I'm gonna use my very basic beginner setup to illustrate, because I'm literally building my first things and want to bake safety in from the getgo:There are trip curves (you can look up) for breakers and for fuses. The idea is the fuse allows all current up to your max operational but doen't allow excess current - indicating a fault or deadshort. This is to stop a serious problem from escalading into uncontrolled runaway event.
The BMS's will cut off current if loads exceed max for a short duration, however they are not able to contend with a huge current flow such as if you dropped a tool directly across the terminals. The intent of the Class-T is to be the ultimate safety shut off for a catastrophic short that if un-interrupted would escalate into serious trouble.
In my set up, I put a mega fuse between cells #8 and #9 as an added 'internal' pack safety device. I used 200A for the internal fuse.
I currently only have two (2) 12.8V 150Ah batteries in series, but getting 2 more soon because, are you even alive if you're not on 48V? So I will use that example, even though 2S would still illustrate it. OK, so assuming I have 4 x 12.8V 150Ah batteries in series to make a 51.2V 150Ah battery.
What is the problem we're trying to avert by fusing each individual battery?
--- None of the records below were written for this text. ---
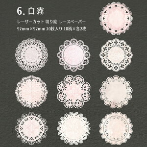 ◆平日16時迄のお支払いは当日出荷(土日祝を除く) おしゃれなレーザーカット 切り絵 レースペーパー 直径約92mmの大きめサイズ 背景紙としても、メモパッドにも◎ 海外 切り絵 コラージュ素材セット 内 容: 切り絵 20枚10柄入...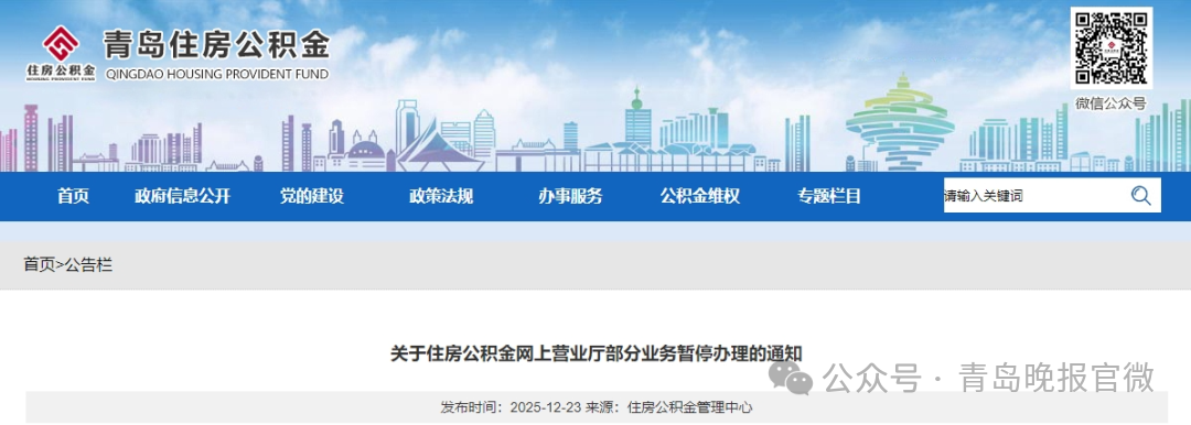 因住房公积金相关业务调整,青岛市住房公积金网上营业厅中的提前部分还款、提前结清、逾期还款、配偶内转还款授权业务于12月23日(周二)17点至20点暂停办理,给您带来不便,敬请谅解!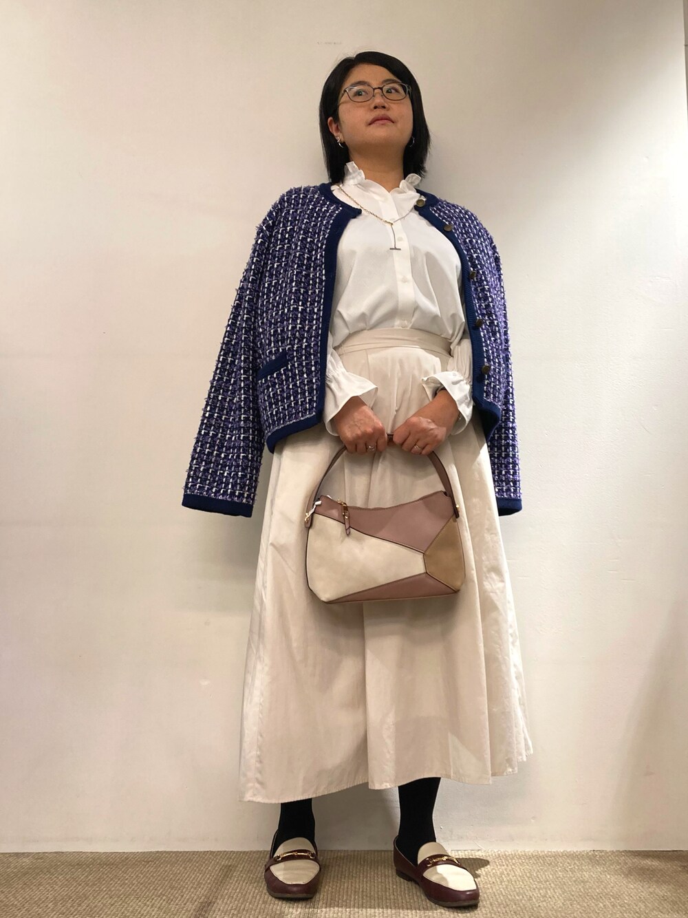 163cm ブラウスLサイズ ジャケットLLサイズ 着用 たまには夫婦でクリスマスランチでも行こうコーデ🎄 キャンディスリーブがかわいいフリルブラウスと白のボリュームスカートを合わせて甘めにし、多色使いのツイード風ジャケットで少し大人成分をプラス✨
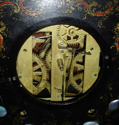Morse and Co., Plymouth Hollow, Conn., inlaid black iron 8-day time and strike mantel clock. C.1855.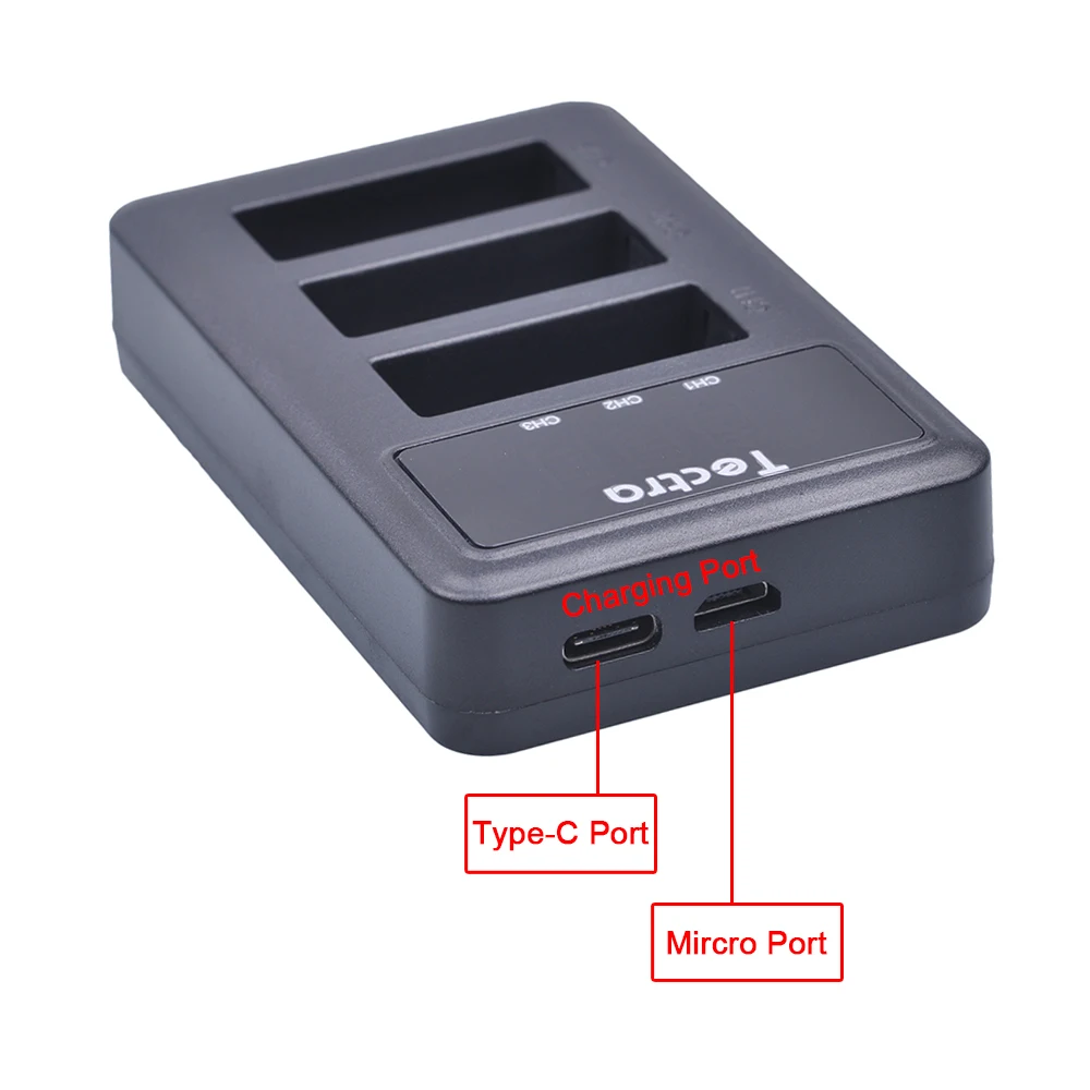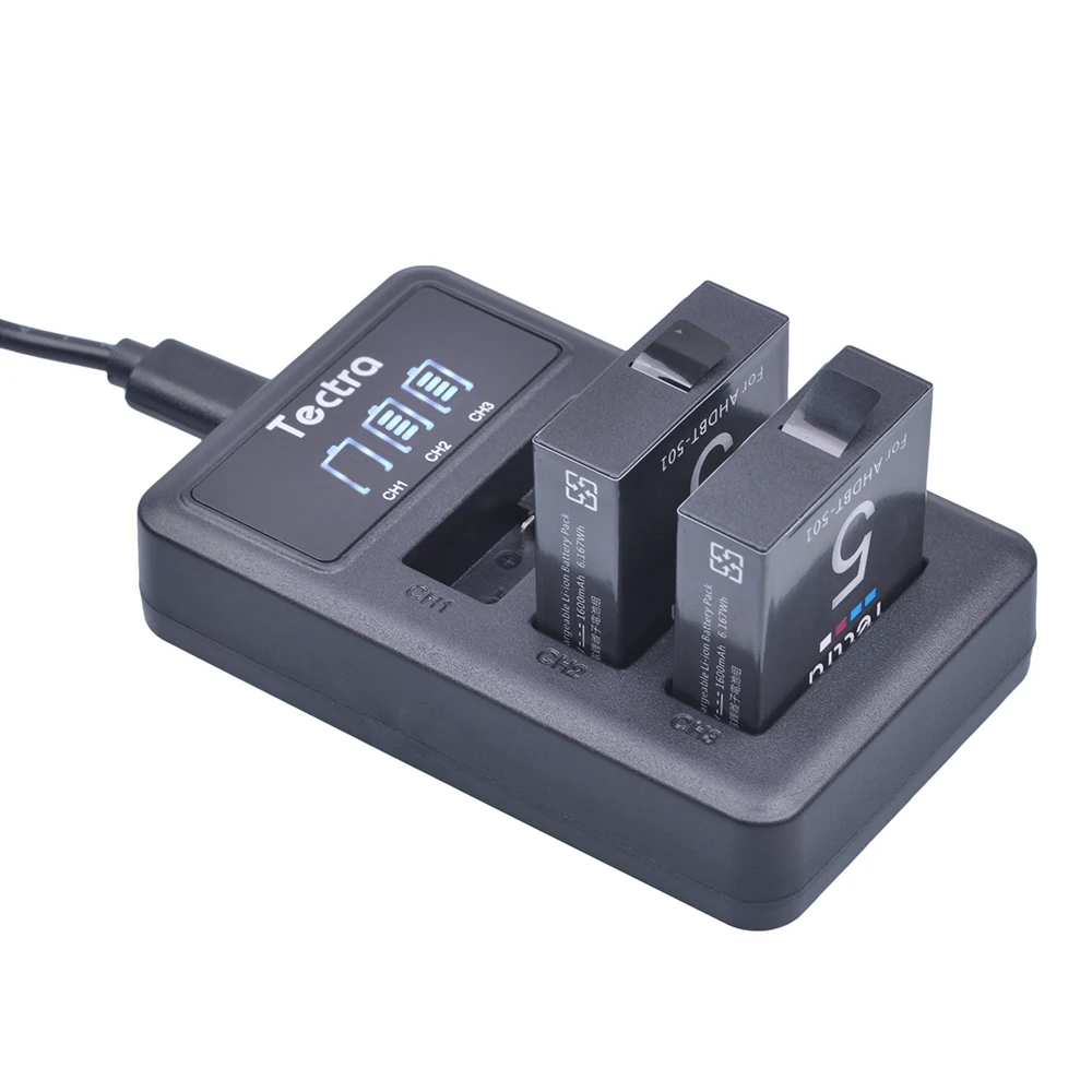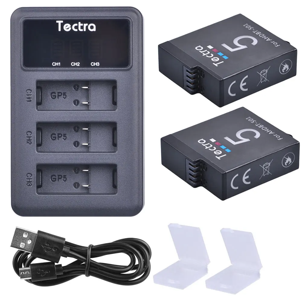 Tectra 2 шт. AHDBT-501 Go pro HERO5 литий-ионная батарея + светодиодный дисплей 3-канальный USB зарядное устройство с портом Type-C для камеры Go Pro HERO 5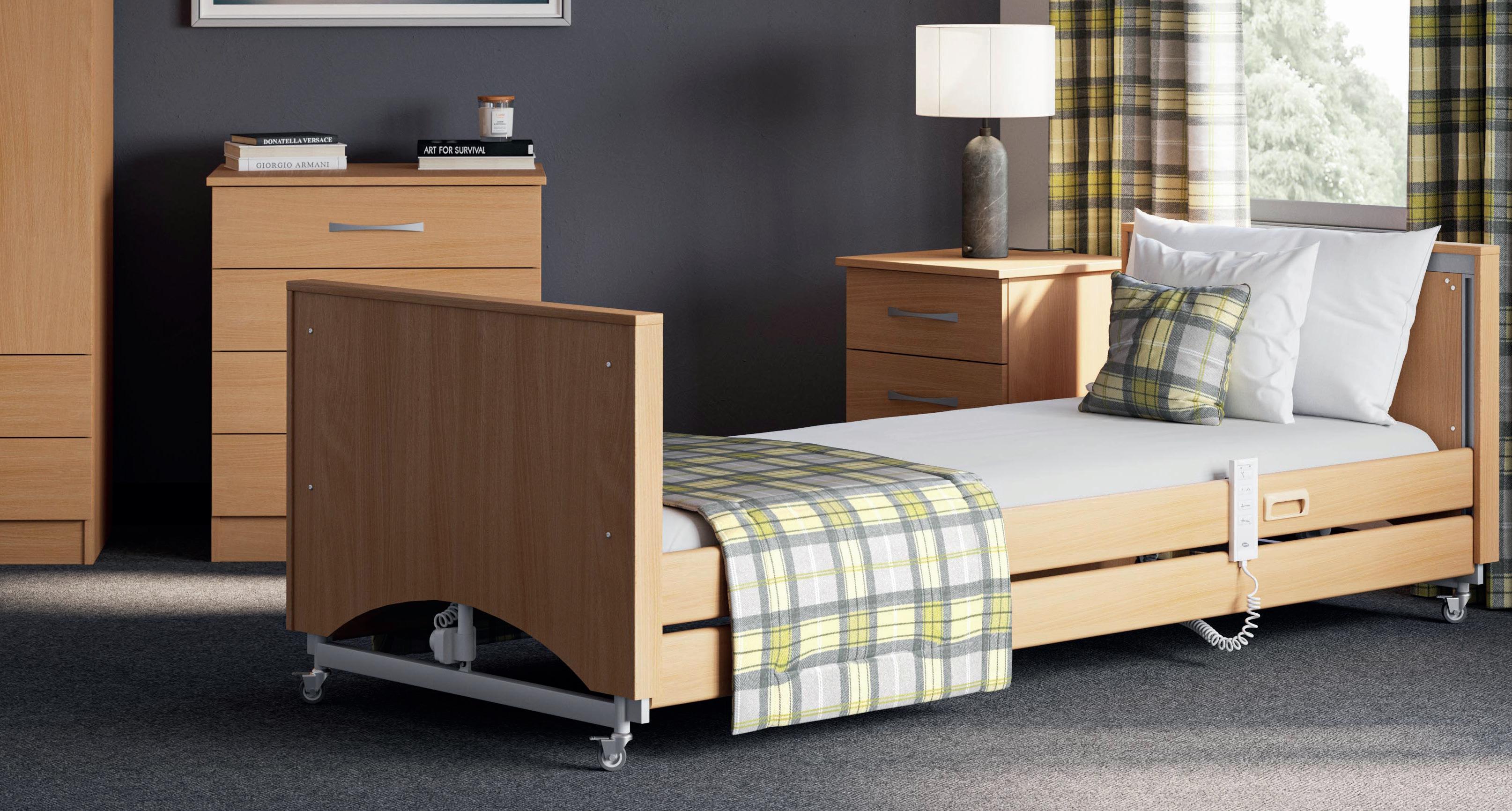 The Medley Ergo range offers practical, comfortable profiling beds designed for care homes. Each model features a four-section mattress support, adjustable height options, and optimised platform sections to reduce shear and friction. Easy to transport and assemble without tools, all beds come in a warm Beech finish with a light grey frame, and use reliable Linak motors. Complies with IEC 60601-2-52 and includes a 3-year warranty.

And is it visible in a Series setup or only in a Parallel setup? My understanding is that if one battery shorts somehow, "there will be an ungodly amount of current that can melt your wires." Thinking about it some more it seems like this could only happen in a parallel setup, is this correct? Because if one of the batteries shorted, it would literally be a direct connection between the entire system's + & — and all of the capacity would "be dumped" at once. In this case, both a breaker and a fuse could technically individually help, no?
Does this mean a Series setup does not suffer from this problem? If a battery in series shorts, in essence becoming a direct cable vs a battery, the voltage of the system would immediately drop by a significant enough amount to trip inverter and whatnot, and even if it somehow didn't the other batteries would only need to "cover" 1/#S the current (so in a 4S, +1/4th) of the load, which would likely not be the max load rating of the battery. So a 150Ah with a 100A load, if one shorted the other 3 bats would need to cover an additional 25A (1/4), in a madeup world where the voltage wouldn't drop to an unusable level. But the point being that there wouldn't be a huge inrush of current to melt one's cables.
So my initial question was, thinking of the internals of each battery, each one of my 12.8V 150Ah batteries contains cells behind a BMS (probably 4x150Ah cells). I was worried that the problem at the battery level could also exist inside each battery at the cell level. And, indeed, if the above is true, it would still exist for batteries with internal configurations which include cells in Parallel, but not for ones (like mine) which are just in series — is this correct?
Thank you for the very interesting and useful info.